Final Takeaways: Menjamin Kejelasan dan Kepatuhan Pembayaran Jasa Syariah
Tiga Pilar Kepatuhan Fatwa DSN 101
Implementasi Fatwa DSN Nomor 101 tentang pembayaran jasa (ujrah) di Lembaga Keuangan Syariah (LKS) berdiri di atas tiga pilar utama yang harus dijaga untuk memastikan transaksi tetap adil, terpercaya, dan berlandaskan syariah. Pilar pertama adalah Transparansi, yang mewajibkan rincian ujrah (biaya jasa) harus dijelaskan secara eksplisit, detail, dan disepakati di awal akad. Tidak ada biaya tersembunyi. Kedua, Keadilan, yang berarti biaya yang dibebankan harus bersifat nominal dan wajar (sesuai kewajaran industri), tidak boleh menjadi sumber profit utama apalagi menyerupai bunga. Terakhir, Keterpisahan (Separasi), yaitu biaya jasa ujrah harus secara tegas dipisahkan dari pokok pembiayaan atau keuntungan (margin) utama LKS untuk menghindari gharah (ketidakjelasan) dan potensi riba terselubung.

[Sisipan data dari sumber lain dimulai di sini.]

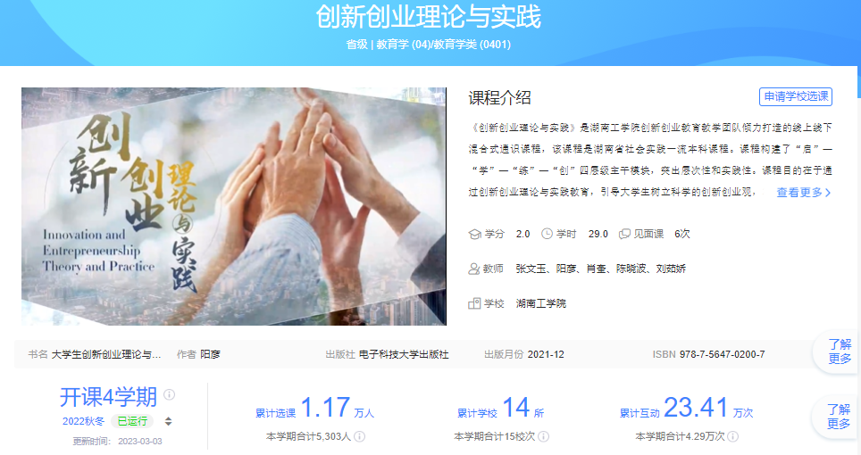 一是学创融合见成效。全面实施《大学生职业生涯规划与就业指导》课程混合式教学;打造湖南省社会实践一流课程《创新创业理论与实践》,依托于该课程的线上课程已被14个学校选用,选课人数达1.17万余人;组织编写的湖南省社会实践一流课程配套教材《创造辉煌人生-大学生创新创业理论与实践》已出版。

Langkah Selanjutnya dalam Melaksanakan Prinsip Syariah
Bagi nasabah maupun praktisi, langkah esensial berikutnya adalah selalu melakukan due diligence terhadap dokumen akad. Pastikan semua transaksi layanan keuangan Anda memiliki rincian ujrah yang jelas dan merujuk pada ketentuan Fatwa 101. Selalu cek apakah biaya administrasi atau jasa lain yang dikenakan sudah disepakati dan tidak didasarkan pada persentase pembiayaan yang tinggi. Jika timbul keraguan mengenai kewajaran atau kepatuhan suatu biaya jasa, konsultasikan dengan Dewan Pengawas Syariah (DPS) yang memiliki otoritas dalam menilai kesesuaian produk dan biaya di LKS tersebut. Memahami dan menerapkan Fatwa 101 adalah kunci menuju ekosistem keuangan syariah yang terpercaya dan bertanggung jawab.